Sunday, April 24, 2005

The Wrong Line and How It Shaped Our Movie

So I hinted in the last post that we had the wrong line of dialog. It’s all my fault. In my crazed state of first time producer, director and all around smart guy, I couldn’t find the sheet that had the line of dialog. If that line was even a little off the film would not be eligible for the competition. A dozen people were starting to file into my house and I needed that damn, I mean darn, piece of paper.

Long story short, I called my co-worker’s team and asked for the line of dialog. Their producer said, “I’m not sure, I think it’s ‘I wasn’t always like this,’” or something like that. I can’t say for sure because, as I mentioned, I was crazed. It was not a malicious act to give us the wrong line, and in the long run it was good for us.

I doubt we would have gone with a time travel story if we had the line right. We decided that if you weren’t always like this, somehow you had to have gone back in time to make a change. With the collected brilliance in my living room, I’m sure we would have come up with something. But because we had the line wrong, we definitely were thinking about things other teams were not.

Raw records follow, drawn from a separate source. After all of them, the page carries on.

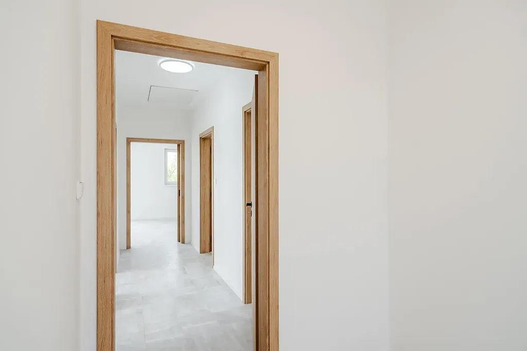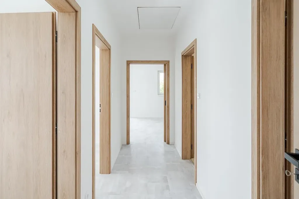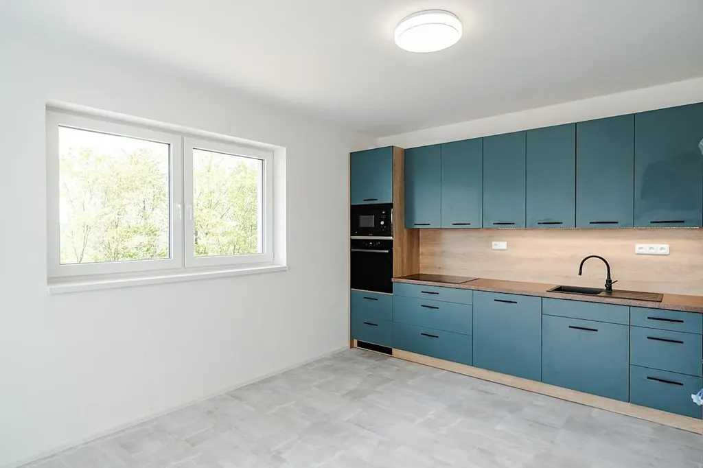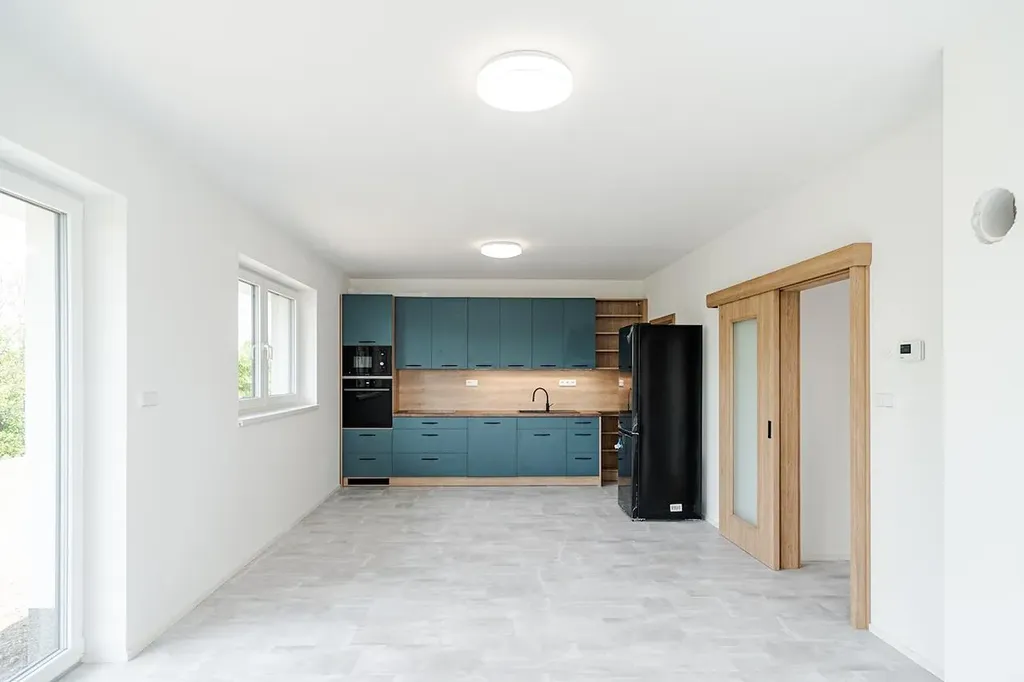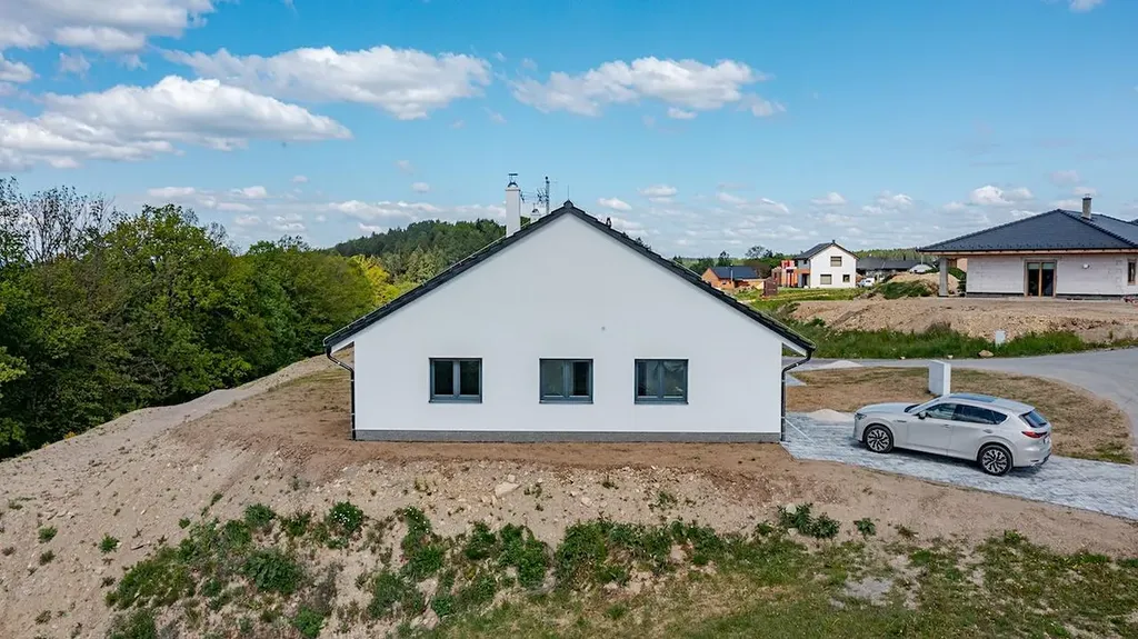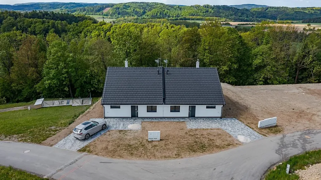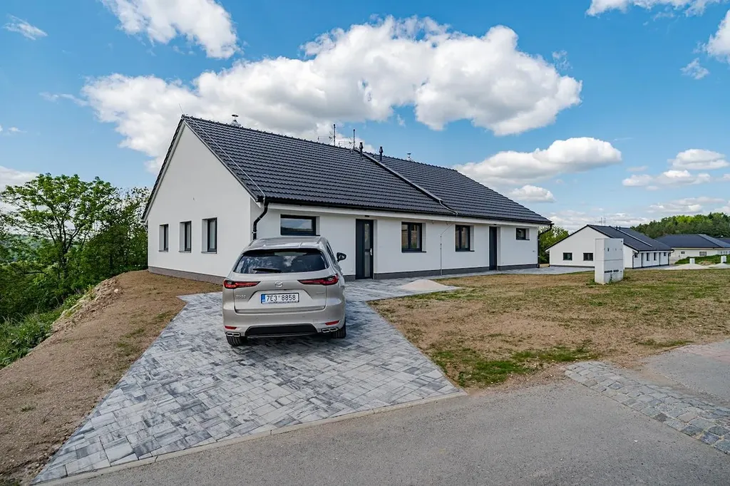 Exkluzivně nabízíme k prodeji kompletně dokončenou a vybavenou jednotku v rámci developerského projektu Domy Mistrovice. Jedná se o novostavbu s dispozicí 4+kk o podlahové ploše jedné jednotky cca 82 m². Součástí jednotky je terasa a vlastní zahrada. Projekt zahrnuje celkem čtyři jednotky ve dvou dvojdomech. Jednotka je kompletně dokončená a připravená k okamžitému nastěhování – noví majitelé si mohou přivézt nábytek a bydlet. Součástí standardu je hotová kuchyňská linka včetně vestavných spotřebičů, dokončené vinylové podlahy, podlahové vytápění, interiérové dveře, obklady, dlažba, sanita, kompletní elektroinstalace (zásuvky, vypínače, osvětlení), rozvody vytápění včetně plynového kotle a navíc i fotovoltaické panely na střeše, které výrazně přispívají k energetické efektivitě domu. Dispozičně je dům řešen velmi prakticky – po vstupu se ocitneme v zádveří, ze kterého se vstupuje do centrální chodby. Po pravé straně se nachází ložnice a koupelna s toaletou, po levé pak další dvě ložnice. Rovně se pokračuje do hlavní obytné části – prostorného obývacího pokoje s kuchyňským koutem a jídelnou. Odtud je vstup na terasu a do zahrady. Domy jsou napojené na elektřinu, vodovod, obecní kanalizaci a plyn. Každý dvojdům je umístěn na vlastní parcele – celková výměra parcel je 1344 m² a 1219 m². Každá jednotka tak získá ideální polovinu příslušného pozemku, tedy 672 m², respektive 610 m². Obec Mistrovice se nachází mezi městy Letohrad a Jablonné nad Orlicí – od Letohradu je vzdálena cca 5 km a od Jablonného 3 km. Blízkost Jablonného nad Orlicí poskytuje ideální možnosti pro milovníky turistiky a výletů – oblast Suchého vrchu a Bukové hory je vyhledávanou lokalitou v rámci Orlických hor. Dopravní dostupnost zajišťuje autobusové spojení navazující na vlakové linky a další regionální dopravu. V obci je k dispozici koupaliště, sportovní hřiště, stadion, knihovna i kostel. Více informací o projektu Vám rádi sdělíme telefonicky nebo osobně při prohlídce.
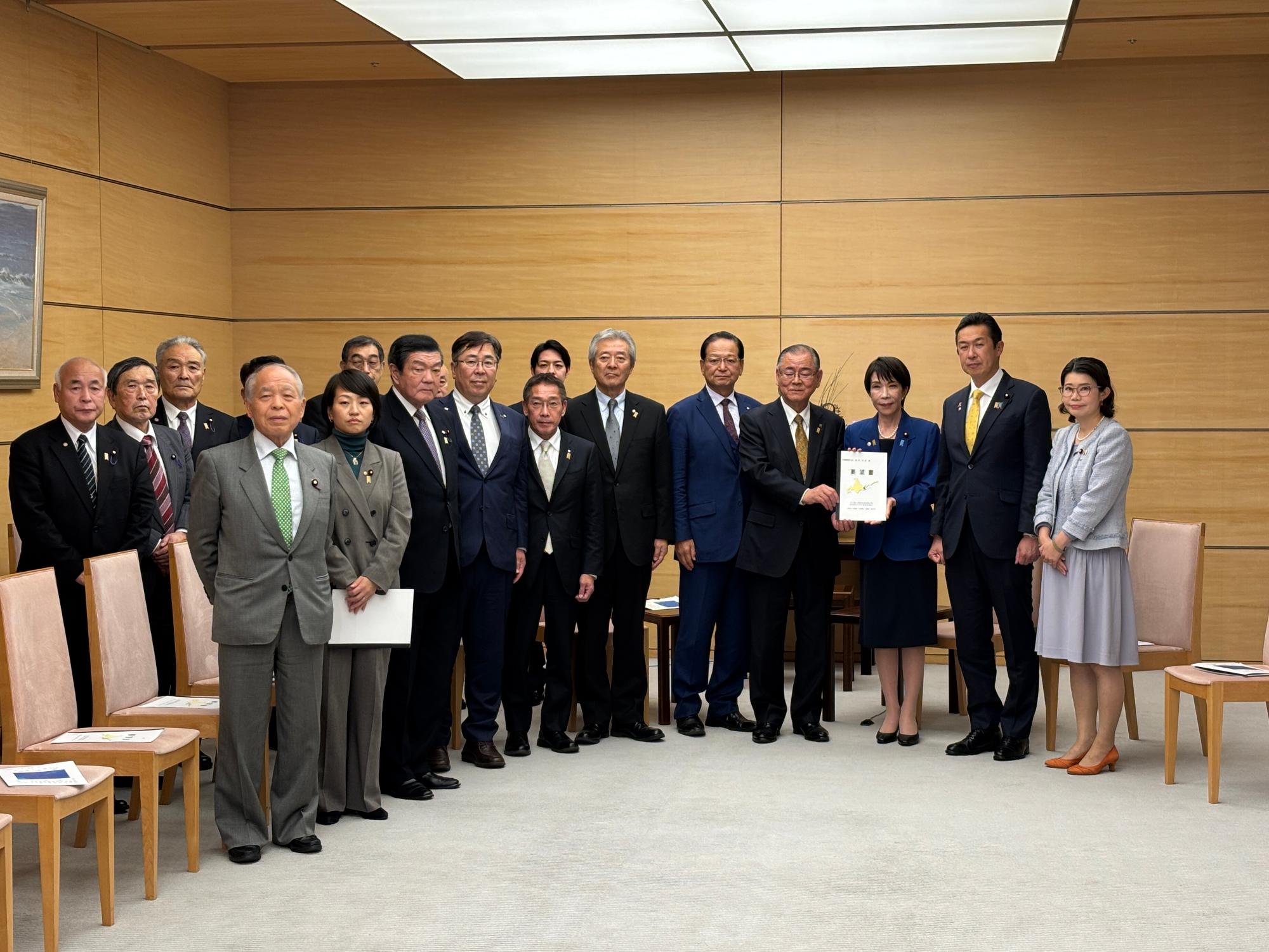 加えて、根室管内1市4町の首長と議長などが総理官邸を訪問し、高市総理をはじめ関係閣僚に対し返還要求運動の推進などに関する要望書を提出したほか、外務省において茂木外務大臣に対し要請活動を行いました。
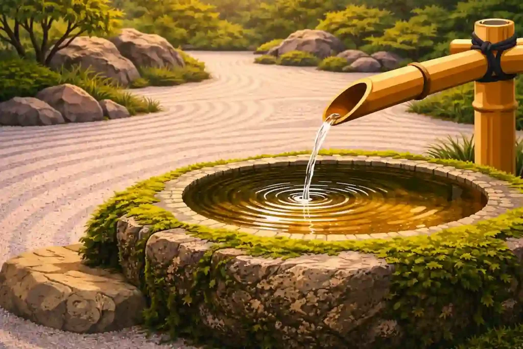 鹿おどしの魅力は、そのシンプルさと自然の力にあります。竹・水・石だけで、リズムと動きを生み出します。また、自然と人の工夫が調和する日本的な考え方も表しています。実用的な農具が、今では美しさや静けさ、さらには禅的な雰囲気を象徴する存在になっている点が、とても興味深いところです。
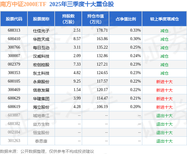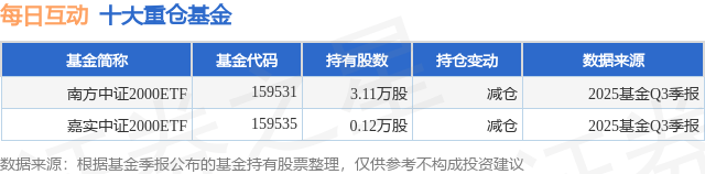 根据2025基金Q3季报公募基金重仓股数据,重仓该股的公募基金共2家,其中持有数量最多的公募基金为南方基金的南方中证2000ETF。南方中证2000ETF目前规模为5.43亿元,最新净值1.3723(11月11日),较上一交易日上涨0.38%,近一年上涨26.63%。该公募基金现任基金经理为李佳亮。李佳亮在任的基金产品包括:南方MSCI中国A50互联互通ETF,管理时间为2021年10月29日至今,期间收益率为7.13%;南方MSCI中国A50互联互通ETF联接A,管理时间为2022年1月10日至今,期间收益率为16.97%;南方北证50成份指数发起A,管理时间为2022年12月23日至今,期间收益率为39.2%;南方中证主要消费ETF,管理时间为2023年3月3日至今,期间收益率为-19.46%。

I woke up on time Saturday morning. Unfortunately, the lack of sleep made it very difficult to get out of bed. I’m not saying I slept in, but I planned to be at Boston Costume the second it opened at 9AM but ended up getting there sometime soon after 9. This would have been a symbol of the coming of a long, bad day, except of course, someone pulled out of the parking space directly in front of the store. One illegal U-turn and if I believed in fate, I would have agreed that it was on my side.

In my clouded mind’s eye I saw astronaut flight suits for my two 1950’s actors on the set of their ‘space-age’ mouthwash commercial. I knew Boston Costume was the place to go and it was. It was, that is if you wanted to drop $75 American on a 3-day rental for each suit. I had assumed a pricey rental cost so my back up plan was two $10 "Tyvek style" painter’s suits from Home Depot. Not to leave empty handed, they showed me the broken helmet for one of the space suits and offered to sell it to me for $20. It was a steal (and hardly broken). Later in the shoot day, friends Emily and Jen ‘futurized’ the Tyvek suits with colored electric tape, stencils and tin foil. The helmet topped off the ensemble and for under $50 bucks I had two original costumes that were better than I could have ever dreamed. (I have considered offering to sell them to Boston Costume.)

I also learned an important directing lesson here. I was no where near the costume design because I was on set trying to rally the troops and get something down on tape. I trusted the eye of two very talented people and was rewarded. I didn’t meddle or even have any instructions after I told my wife what to tell them. They ran with it and made amazing costumes. This is why I hate the term ‘independent film’. Collaboration is the key to making a film, of any length, scope or under any deadline. A huge team made a movie that one person could not have made.